* What you will do *
Copy every line of the data below exactly as given, except for the pictures.

* Data for analysis *
===
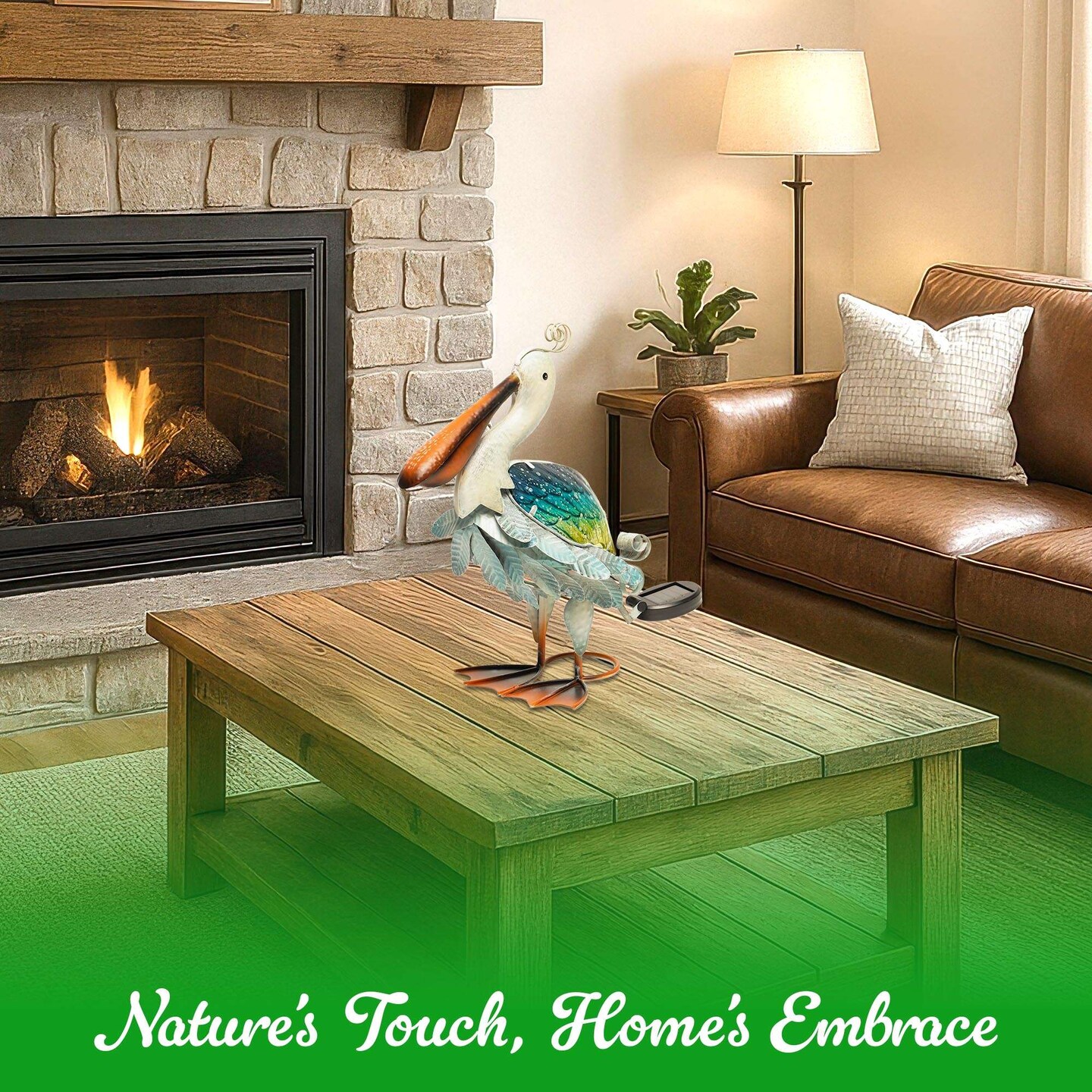 G128 Solar Metal Pelican Garden Statue | 17 Inch Coastal Ocean Bird Yard Art with Colorful Wings and Solar-Powered Light for Lawn, Patio, and Backyard
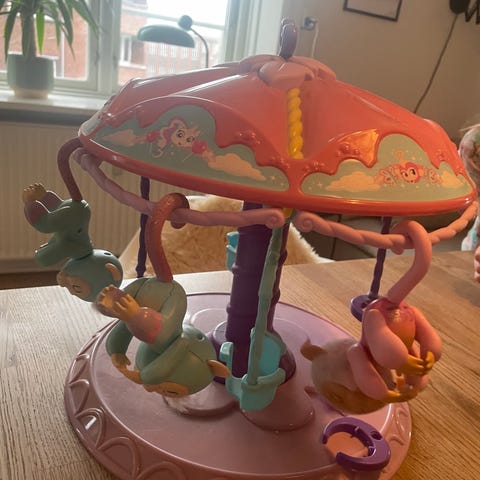 Interaktiv ugle. lyserød med base i blå rede, der kan tilsluttes pc /computer. Tilsluttet er uglen bevægelig, har lysende øjne mv. Har desværre ingen brugsanvisning. Pris sat derefter.
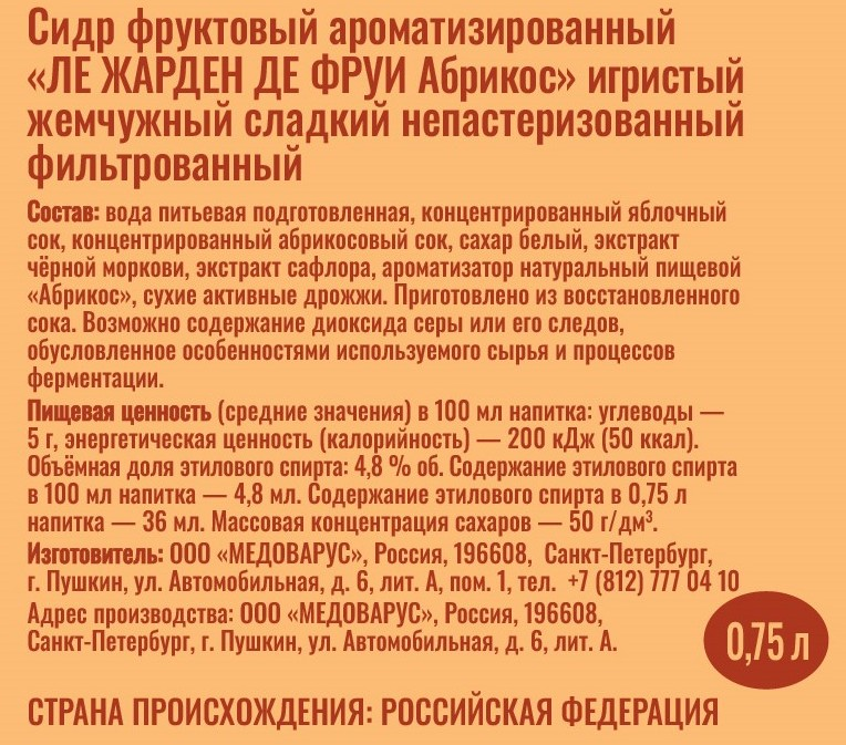 Сидр Medovarus Le Jardin des Fruits абрикос, 0.75л
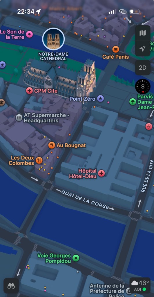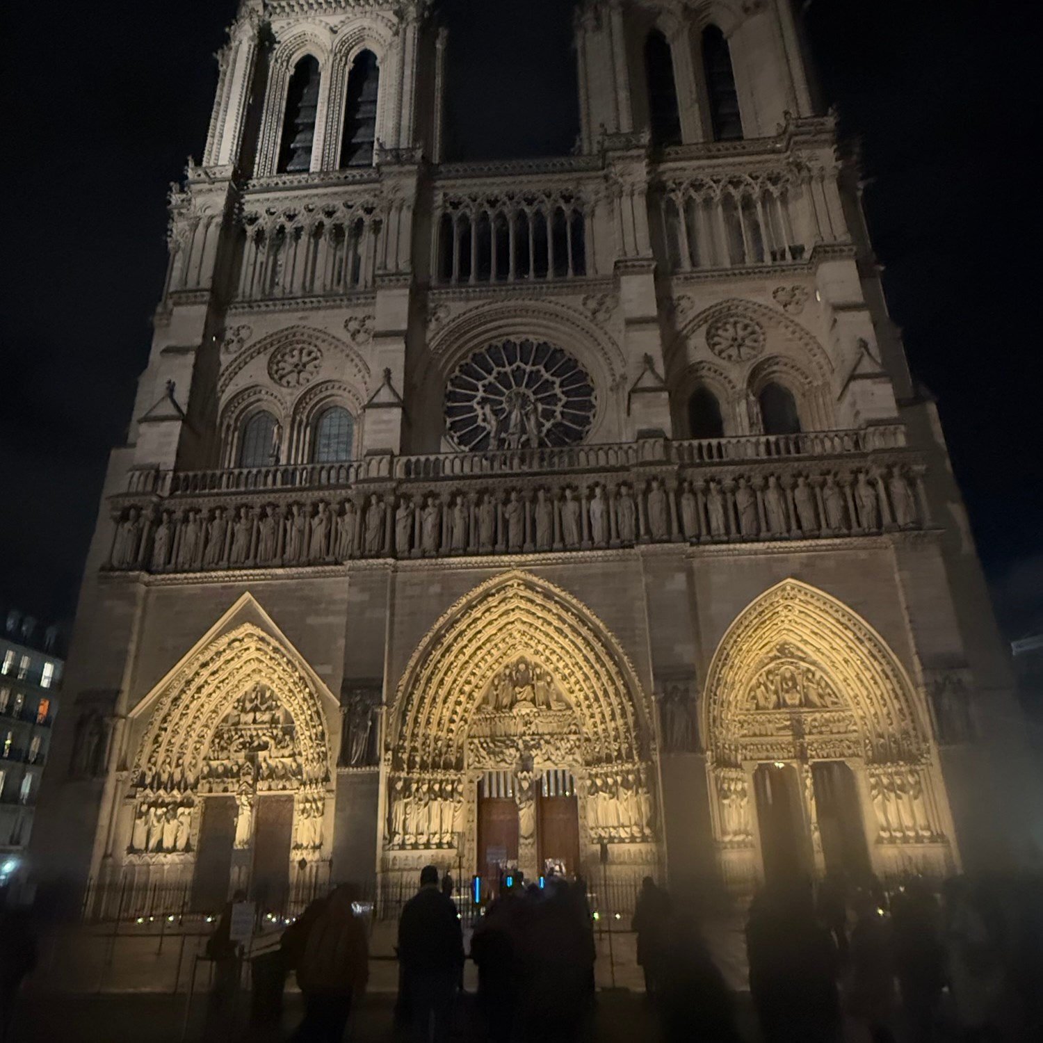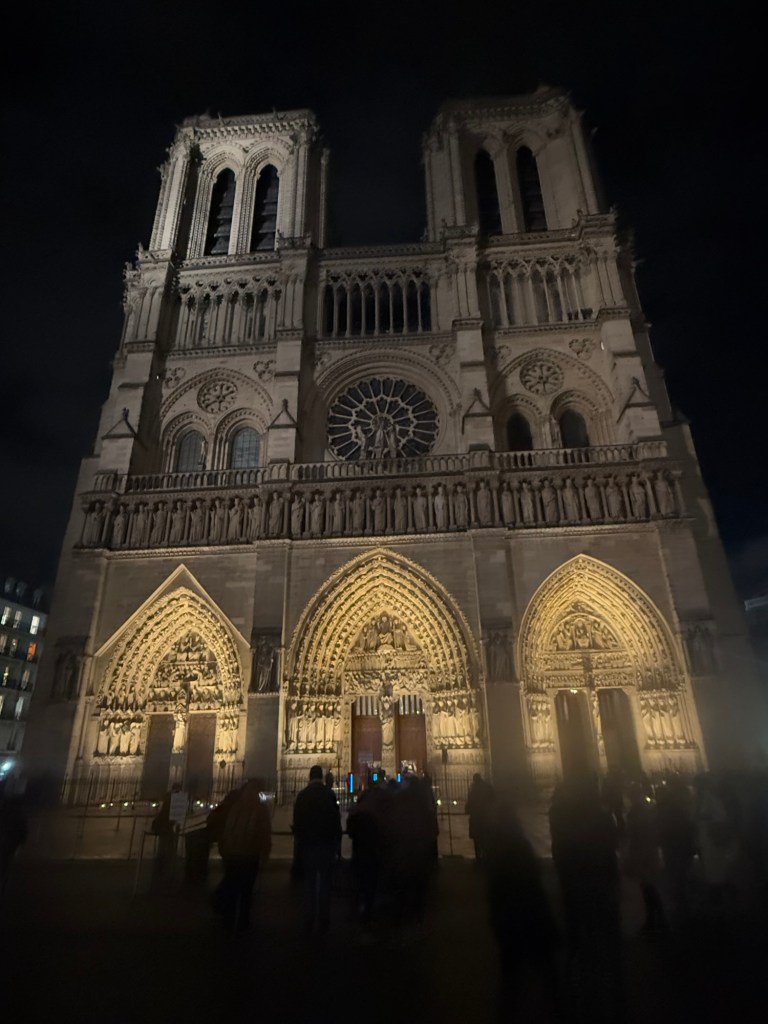 I won’t revisit the tragic events that nearly brought the Cathedral to complete ruin in 2019 , but the Cathedral has been under a massive restoration for the past five years and just reopened for Christmas service in December, 2024. Construction of Notre-Dame began in 1163 on Île de la Cité, under the reign of King Louis VII, and the cathedral was largely completed by 1345. Although the exterior restorations are not complete (still some cranes and scaffolding on the sides) , the reopening has allowed visitors to appreciate stunning restorations. We came to view the progress in 2022 and 2023, but the exterior was completely enclosed either with scaffolding or construction walls that obscured the work.
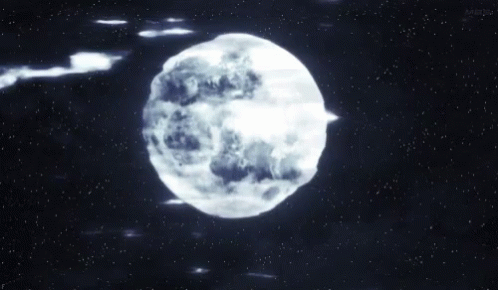 A luminous full moon shines brightly in a dark, star-filled night sky, creating a serene and reflective scene.
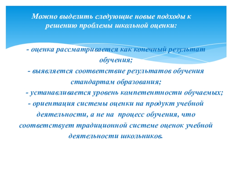 Можно выделить следующие новые подходы к решению проблемы школьной оценки:
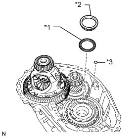 (c) Remove the thrust needle roller bearing and thrust needle roller race from the carrier lock nut.
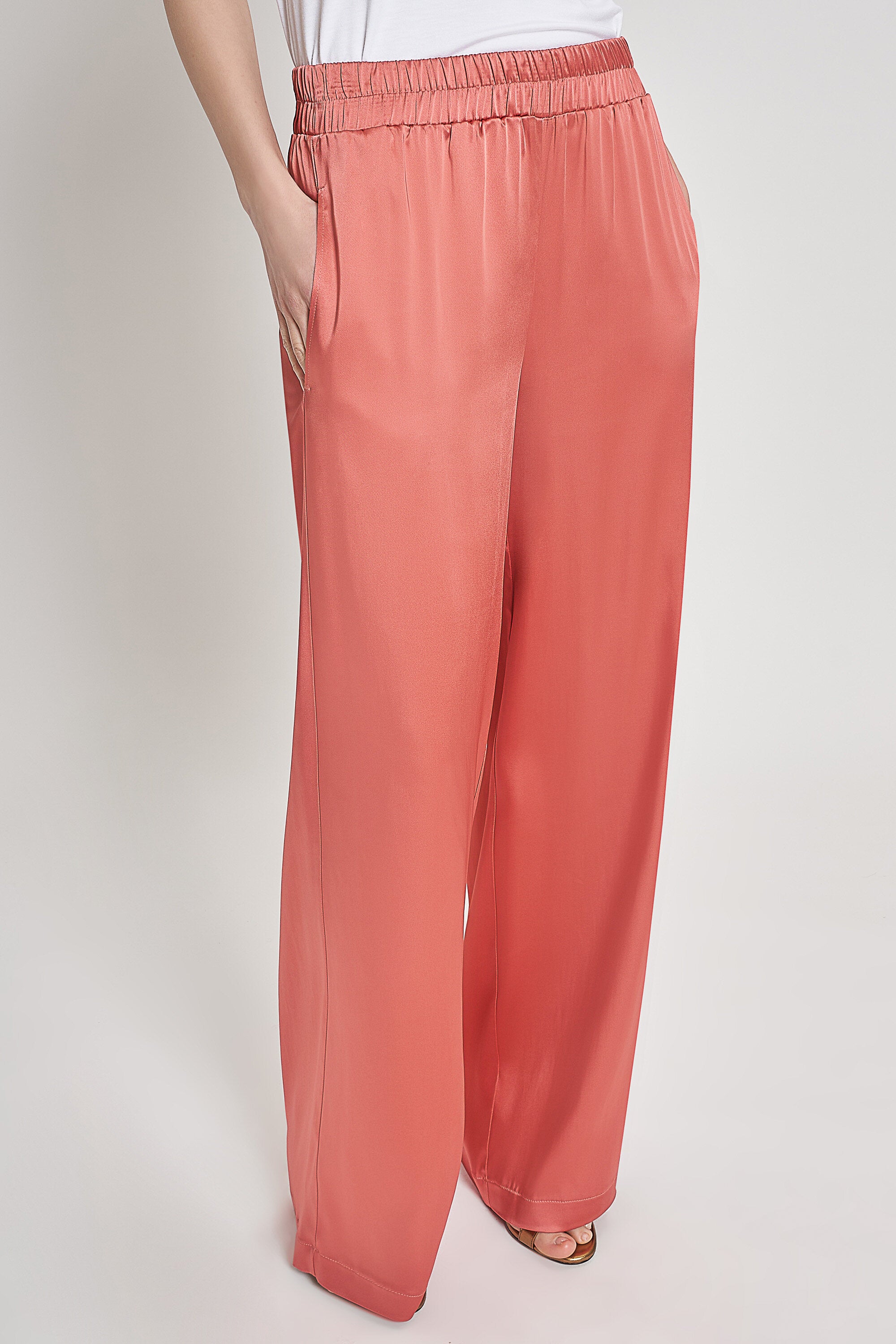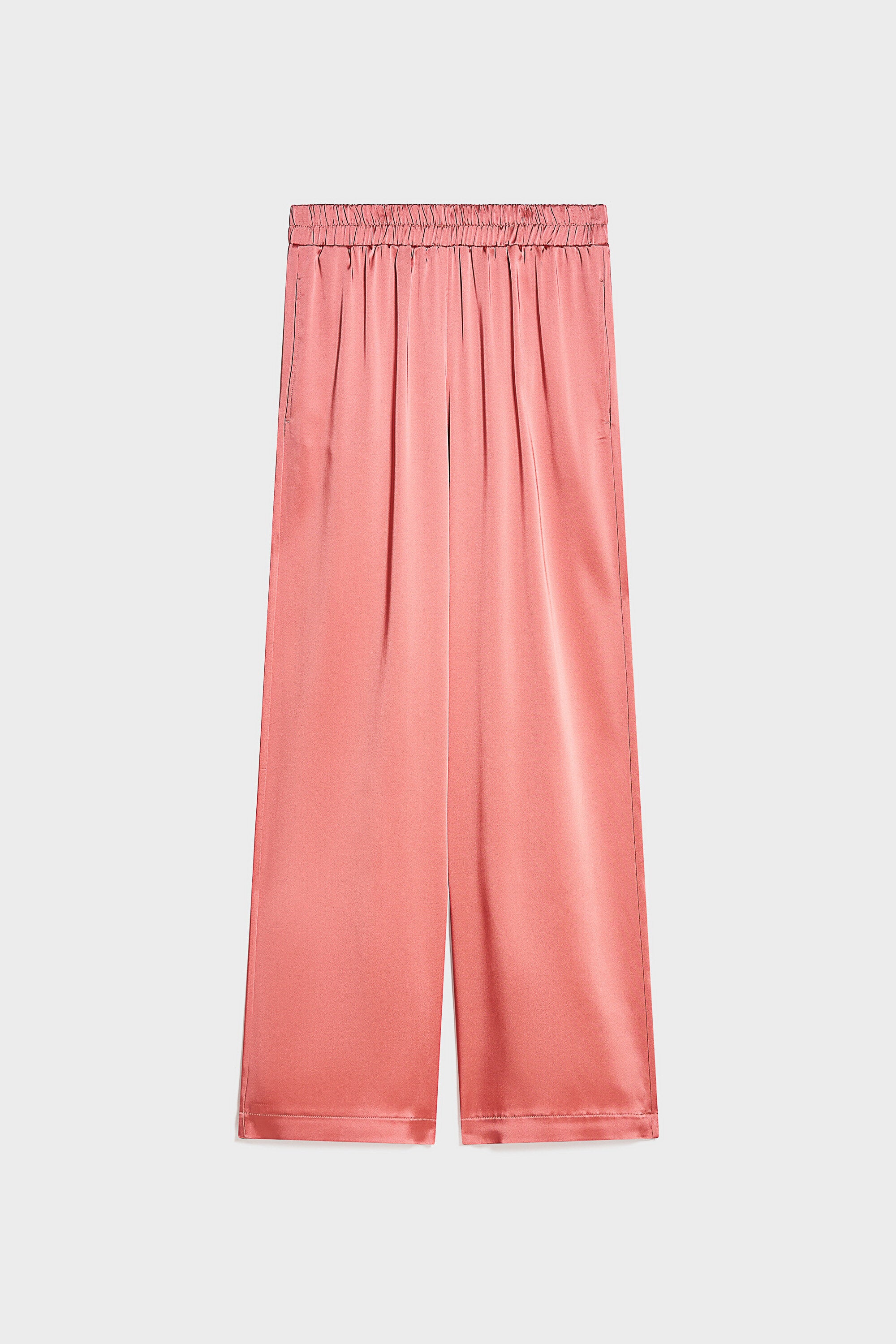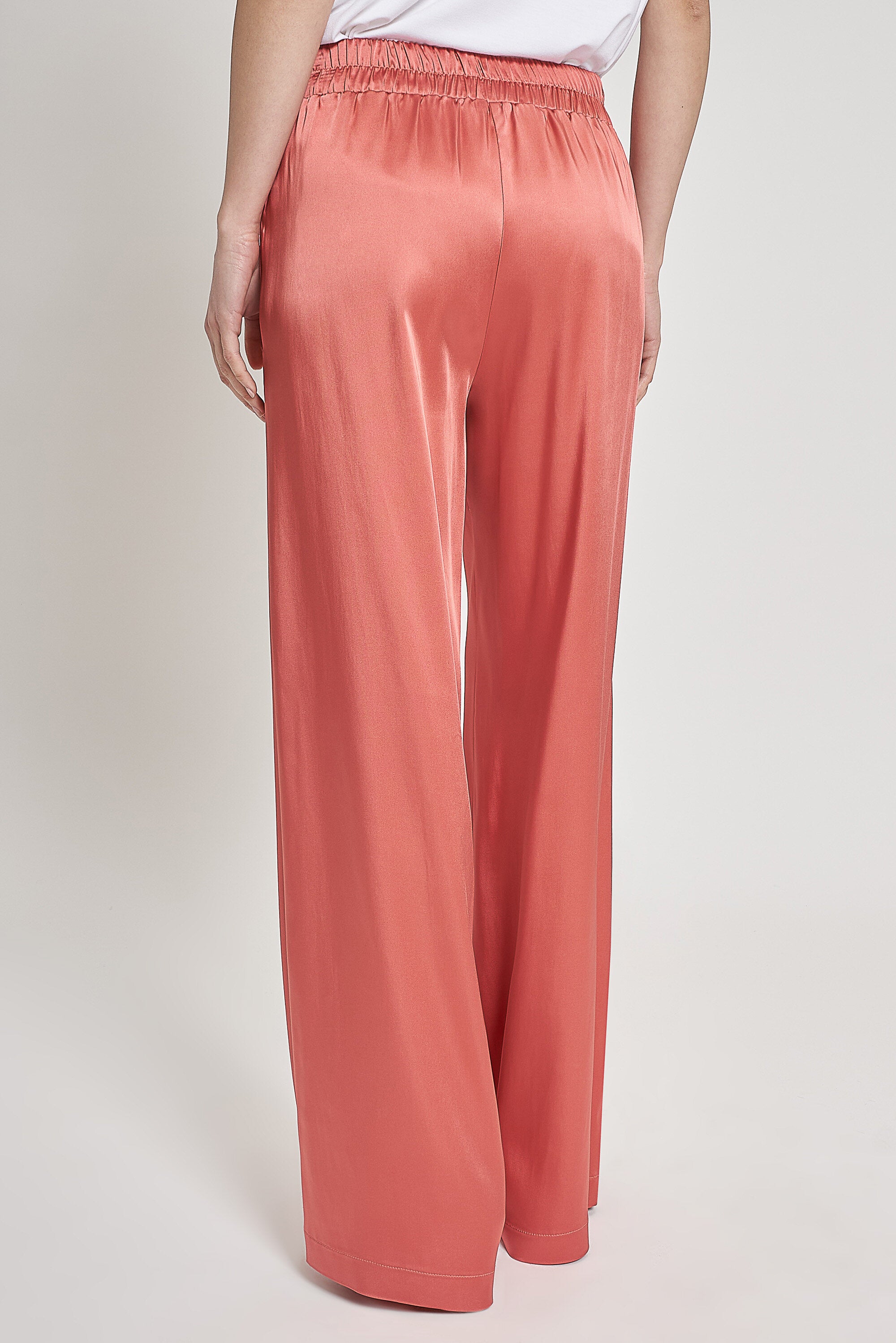 Pantaloni larghi in raso con vita regolare e cavallo basso. Fascione elastico ed entrate tasche l...Learn more
===
* Written solution *
 G128 Solar Metal Pelican Garden Statue | 17 Inch Coastal Ocean Bird Yard Art with Colorful Wings and Solar-Powered Light for Lawn, Patio, and Backyard
 Interaktiv ugle. lyserød med base i blå rede, der kan tilsluttes pc /computer. Tilsluttet er uglen bevægelig, har lysende øjne mv. Har desværre ingen brugsanvisning. Pris sat derefter.
 Сидр Medovarus Le Jardin des Fruits абрикос, 0.75л
 I won’t revisit the tragic events that nearly brought the Cathedral to complete ruin in 2019 , but the Cathedral has been under a massive restoration for the past five years and just reopened for Christmas service in December, 2024. Construction of Notre-Dame began in 1163 on Île de la Cité, under the reign of King Louis VII, and the cathedral was largely completed by 1345. Although the exterior restorations are not complete (still some cranes and scaffolding on the sides) , the reopening has allowed visitors to appreciate stunning restorations. We came to view the progress in 2022 and 2023, but the exterior was completely enclosed either with scaffolding or construction walls that obscured the work.
 A luminous full moon shines brightly in a dark, star-filled night sky, creating a serene and reflective scene.
 Можно выделить следующие новые подходы к решению проблемы школьной оценки:
 (c) Remove the thrust needle roller bearing and thrust needle roller race from the carrier lock nut.
 Pantaloni larghi in raso con vita regolare e cavallo basso. Fascione elastico ed entrate tasche l...Learn more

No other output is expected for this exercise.